Manage PUPM Disconnected Privileged Accounts

Document ID : KB000049708
Last Modified Date : 14/02/2018
Show Technical Document Details

Description:

A disconnected privileged account is an account that PUPM does not manage. To manage the passwords for these accounts you can create a privileged access role "Target System Manager". Users that are assigned with this role must manually reset the passwords for the appropriate privileged accounts. Each time a privileged account is checked out or checked in, a notification can automatically be triggered to notify the role members that the account was used and the password must be changed.

Solution:

Follow these steps:

  1. Log into CA Access Control Enterprise Management as a user with administrative privileges.

  2. Go to Users and Roles, Roles, Privileged Access Roles and select Create Role.

  3. Select the Create a Copy of a role option.

  4. Search for the PUPM Target System Manager role.

  5. Leave the following tasks:

    • Manual Password Reset

    • Show Previous Account Passwords

    • View Endpoint

    • View Privileged Account

    • Force Check-In

    • Endpoint Password Restore Point

  6. Specify the appropriate members rule, as follows:

    Member Rule: "Users where MemberOf = "AD GROUP"
    Scope Rules: "Endpoint where CUSTOM1_INFO contains STRATUS ACCOUNTS"
    "Privileged Account where Disconnected System = True" AND "CUSTOM1_INFO contains STRATUS ACCOUNTS"

  7. Save the role.

Email Notifications

By default PUPM does not trigger an email notification when a privileged account is checked in. That option must be enabled in the Access Control Management Console.

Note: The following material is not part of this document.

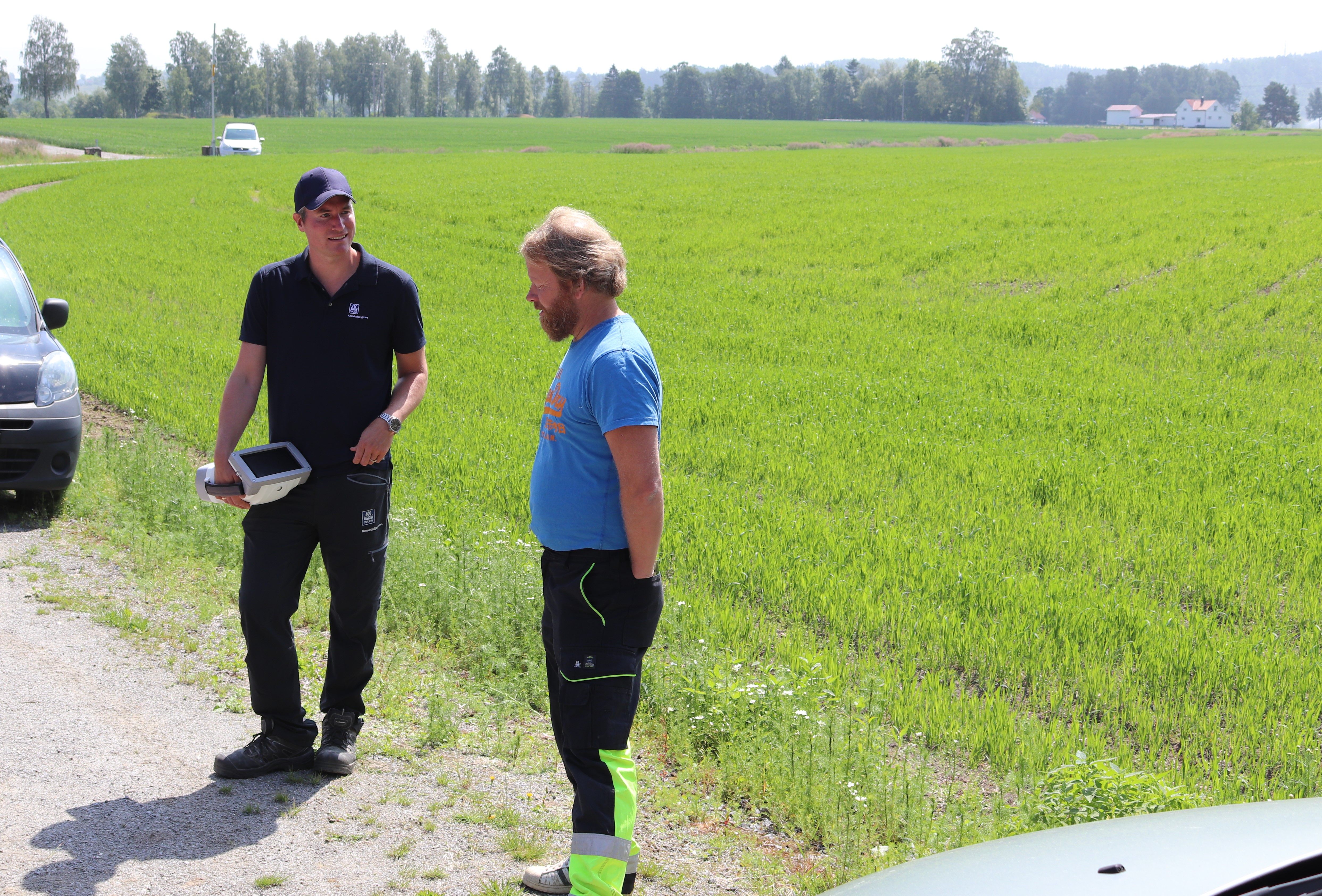 Tore Røisehagen Daarstad viste fram den håndholdte N-sensoren som NLR Viken benytter under målingene til Yara N-prognose. Yara N-prognoser utarbeides i mai-juni. NLR utfører målinger i flere forsøksfelt fordelt rundt om i landet. Resultatene av disse målingene ferdigstilles av NIBIO og presenteres ukentlig på Yara Norge sine hjemmesider. Hensikten er å vise hvordan vekstforholdene påvirker jordas nitrogenfrigjøring og plantenes opptak av tilført nitrogen.

  1. Create a new email templatefor the CheckInAccountPasswordEvent. Place The template in the following directory:

    JBOss_HOME\server\default\deploy\IdentityMinder.ear\custom\emailTemplates\default\completed\CheckInAccountPasswordEvent.tmpl

Following is an example of the email template:

<!-- Define the E-mail Properties --->
<%
   _to = _util.getNotifiers("ADMIN"); 
   _cc = "" ;
   _bcc = "" ;   
   if(_eventContextInformation.getPrimaryObjectAttribute("DISCONNECTED_SYSTEM", "") == "true" ){         
      _to = "_eventContextInformation.getPrimaryObjectAttribute("CUSTOM2_FIELD", "") + ?@mydomain.com?;
     }
 
   _subject = "Password for privileged account " + _eventContextInformation.getPrimaryObjectName() + " was checked back in";
%>
<!--- Start of Body --->
<html>
<head>
<meta http-equiv="Content-Type" content="text/html;charset=UTF-8">
</head>

<body text="Navy"> <br>Endpoint Type: <b><%=_eventContextInformation.getPrimaryObjectAttribute("NAMESPACE", "")%></b> <br>Endpoint Name: <b><%=_eventContextInformation.getPrimaryObjectAttribute("ENDPOINT_NAME", "")%></b> <br>Container: <b><%=_eventContextInformation.getPrimaryObjectAttribute("CONTAINER", "")%></b> <br>Account Name: <b><%=_eventContextInformation.getPrimaryObjectAttribute("ACCOUNT_NAME", "")%></b> <br>Disconnected System: <b><%=_eventContextInformation.getPrimaryObjectAttribute("DISCONNECTED_SYSTEM", "")%></b> <br>Account Group: <b><%=_eventContextInformation.getPrimaryObjectAttribute("DEPARTMENT_INFO", "")%></b> <br>Password Resetter Team: <b><%=_eventContextInformation.getPrimaryObjectAttribute("CUSTOM3_INFO", "")%></b> <br>Account Owner: <b><%=_eventContextInformation.getPrimaryObjectAttribute("OWNER_INFO", "")%></b>

<p class=MsoNormal> <font size=2 face=Arial> <span style='font-size:10.0pt;font-family:Arial'> <a href="https://acentm.com/iam/ac">Login here to manual reset the password<o:p></o:p></span> </font> </p>

</body> </html>

Note: The attributes specified for =_eventContextInformation.getPrimaryObjectAttribute match the field names used in the feeder.